Dozens of teachers in Mexico may have been picked for targeting with highly invasive spyware, according to data from a large-scale investigation into the Pegasus spyware system. The selections took place during a period when they were in conflict with the Mexican government over its proposed educational reforms.
Most of the alleged targets belonged to a hard-line faction of Mexico’s politically powerful teacher’s union, which had fiercely opposed the reforms. In at least one case, a unionist was arrested shortly after his phone number was selected.
The Pegasus spyware, made by Israel-based NSO Group, can gain access to victims’ cell phones without their knowledge. Once installed, it can see nearly everything on the phone, and even activate microphones and cameras — all without the target having any idea they’re being watched.
The new information about possible surveillance of Mexican union leaders emerged from a leak of over 50,000 phone numbers that were obtained by a consortium of journalists including OCCRP. Based on a wide range of evidence, including forensic analysis of dozens of phones, journalists concluded that the list represents numbers selected for targeting by NSO Group’s Pegasus system. The collaborative investigation, called The Pegasus Project, was coordinated by Forbidden Stories and received technical support from Amnesty International’s Security Lab.
The Mexican government has admitted to being a client of NSO Group, and this week the government released copies of its contracts to use the spyware, but it has denied reports that it targeted journalists, activists, and public health advocates.

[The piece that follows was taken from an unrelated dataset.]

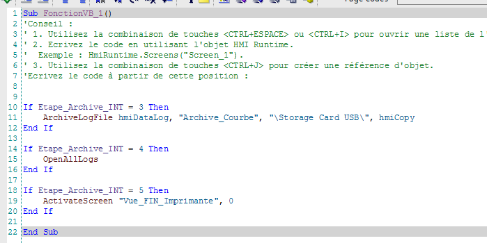 Dans mon IHM je veux pouvoir lire ces étapes et lancer des fonctions systèmes de l'IHM qui permettant de copier une archive vers un stockage externe.

Former President Enrique Peña Nieto insisted that Pegasus had only been used against serious criminals. He did not respond to a request for comment from the Pegasus Project. Osorio Chong, who was Secretary of the Interior under Peña Nieto, said his office had never used Pegasus.
But the new findings suggest that ordinary Mexican citizens may have been systematically targeted for expressing public dissent. In addition to the teachers, phone numbers of water-rights activists, and parents whose children were abducted in the town of Ayotzinapa were also found in the Pegasus Project data.
It’s yet more evidence that NSO Group’s flagship spyware is being misused in Mexico. The company says it sells Pegasus only to governments as a crime-fighting tool. But there were over 15,000 Mexican phone numbers in the data, and dozens were identified as belonging to journalists, activists, academics, and members of the political opposition.
“Espionage was for a long time a systematic … practice of the state against its opponents ,” Alejandro Encinas, a senior Interior Ministry official, told the Washington Post, a partner on The Pegasus Project.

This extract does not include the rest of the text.